The more aliens a soldier kills the more experience he receives (tanks and robots do not gain experience). There are rank insignias that show this and titles linked with each; when a soldier accumulates enough experience they go up a rank. Soldiers lose experience when they are recovering from injuries in the hospital; they can even lose a rank if they are in there long enough, but when a soldier comes back from the hospital they will gain experience faster for a time.

==Plot==
In the year 2023 the spaceship Magelhaes finally reaches the planet Esperanza and the people on board quickly begin development of a colony. Several governments take control over the different continents and all was good until one day in the year 2025 a squad of pilots encounter an unknown alien force and get shot down. Now the governments give you the task to not only defend the planet but also find out where the aliens come from to take the fight back to them.

==Release and reception==
UFO: Extraterrestrials was first released for digital download via the Matrix Games website on May 1, 2007. It received a retail release the same year in North America on May 21, and in Europe on June 29.

UFO: Extraterrestrials received mixed reviews on Metacritic.
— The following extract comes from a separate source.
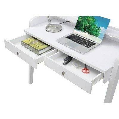 Prepare to have the home office you have envisioned for years with the Newport Deluxe 2 Drawer Desk by Breighton Home. This unit offers as much functionality as it does style. Oval knobs adorn the two spacious drawers, ideal to store your notebooks and essential office supplies. The metal glides allow you to smoothly pull open and close the drawers. With two circular cable management holes, you can accommodate all your electronics, such as your favorite lamp, laptop and cellphone charger. Place in your living room or den, as its versatility is limitless. This piece showcases a contemporary style that will upgrade the decor of any room that it is used in. Made from MDF, particle board and finished with a paper melamine, this unit is easy to maintain. Bring home today and get some work done in style! Its assembly is worth every step. Look for additional items from the Newport Collection by Breighton Home. Each sold separately.

Eurogamer said it is a flawed clone and recommended it only to X-COM fans who couldn't wait to see what 2K Games did with the license. IGN disliked how closely it followed the original X-COM and said the few deviations were poorly done.

The August 2008 edition of Pelit featured a retrospective of UFO: Extraterrestrials that focused on the effects mods have had on the game. Long-time reviewer Niko Nirvi, a strong admirer of the original UFO: Enemy Unknown, described the original UFO: Extraterrestrials as a pleasant but visibly rushed substitute. He focused on "Bman's Ease of Use Mod 4.07 (fixed by Coasty)" as the prevailing merger of minor modifications, and pronounced it "the true successor of [UFO: Enemy Unknown]" that "genuinely achieves some of its predecessor's magic." According to the magazine, the more visible features of Bman's mod are added weaponry, incorporation of the original UFO: Enemy Unknown enemies (although graphically by copying and enlarging the older game's sprites), improving AI and rebalancing the game mechanics by changing them towards those of UFO: Enemy Unknown.

==Prequel==
In September 2009, Chaos Concept unveiled a new website announcing a prequel, UFO2Extraterrestrials: Shadows over Earth, which has been in development since early 2009. Some of the announced improvements to the game include dynamic lighting (night missions complete with the need for light sources), and naval forces in the geoscape phase of the game (such as heavy aircraft carrier/cruisers that can launch fighters and defenses against UFOs).

After many failed release date attempts, Chaos Concept decided to withdraw a release date from the game's completely, but have since changed announced a new released date of Q4 2013 and the game was re-titled as UFO2Extraterrestrials: Battle for Mercury. Estimated release dates ranged from 2014 to 2020. The game was eventually released on 15 June 2021.